» About this task: Would you output all the lines below precisely as they stand, leaving each picture out?

» Data segment:
-.-.-

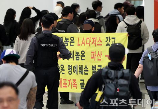 그런데 귀국 현장에서 진행된 인터뷰에서 예상치 못한 상황이 발생했다. 한 남성이 인터뷰 현장 부근에서 현수막을 펼친 것이다. 현수막에는 김혜성 아버지의 채무와 관련된 내용이 적혀 있었다.
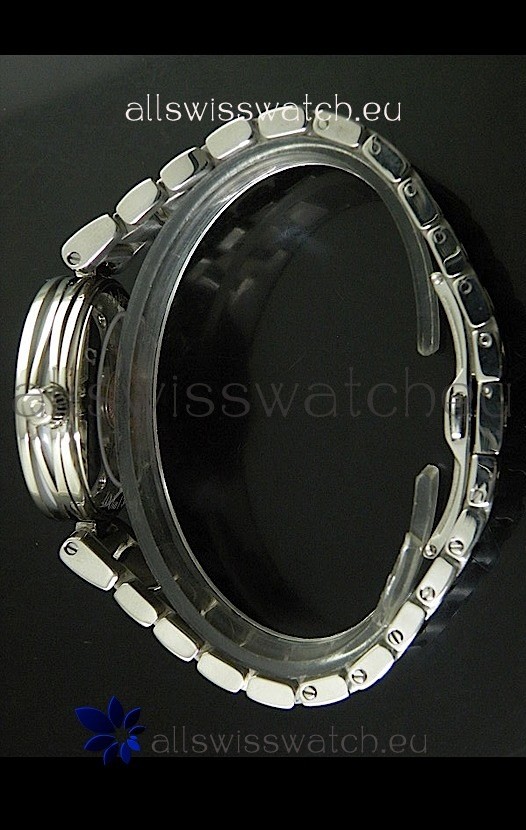 Strap: 440 Polished Stainless Steel Strap linked with Screws with Omega Buckle Clasp
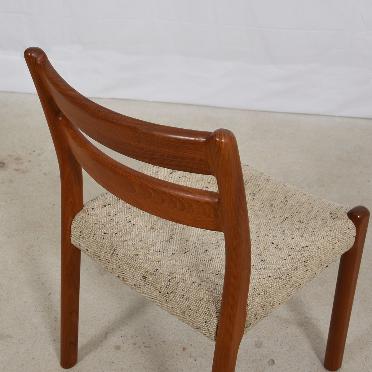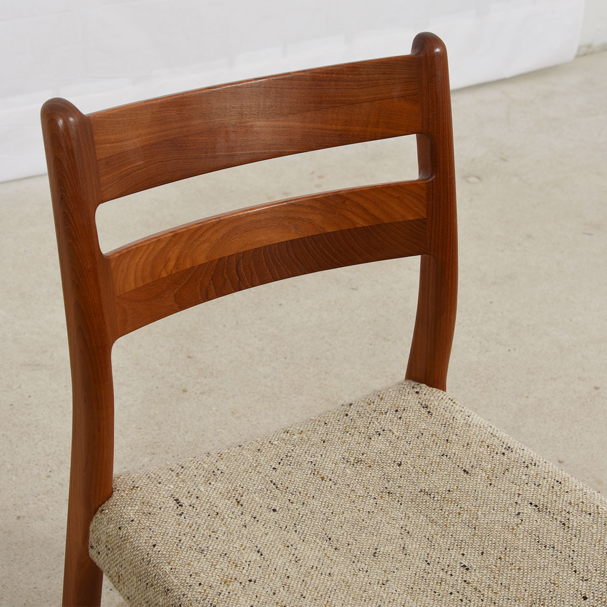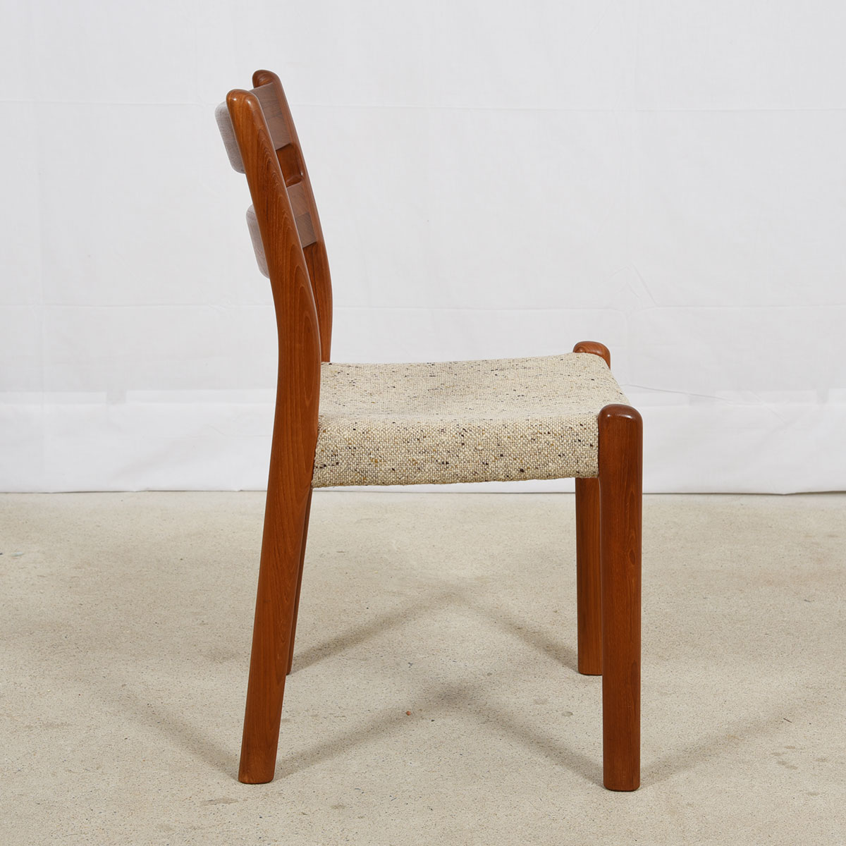 The frame of the chair is thick solid teak and the seat upholstered with its original oatmeal tweed upholstery. Look closely though and you see that the bars forming the backrest with the rest of the frame thicker than most, making it visually interesting as well as sturdy. The teak has aged to a glorious deep, rich tone. Combined with impeccable craftsmanship, these are the qualities you want in a chair.

-.-.-

» Answer to the problem:
 그런데 귀국 현장에서 진행된 인터뷰에서 예상치 못한 상황이 발생했다. 한 남성이 인터뷰 현장 부근에서 현수막을 펼친 것이다. 현수막에는 김혜성 아버지의 채무와 관련된 내용이 적혀 있었다.
 Strap: 440 Polished Stainless Steel Strap linked with Screws with Omega Buckle Clasp
 The frame of the chair is thick solid teak and the seat upholstered with its original oatmeal tweed upholstery. Look closely though and you see that the bars forming the backrest with the rest of the frame thicker than most, making it visually interesting as well as sturdy. The teak has aged to a glorious deep, rich tone. Combined with impeccable craftsmanship, these are the qualities you want in a chair.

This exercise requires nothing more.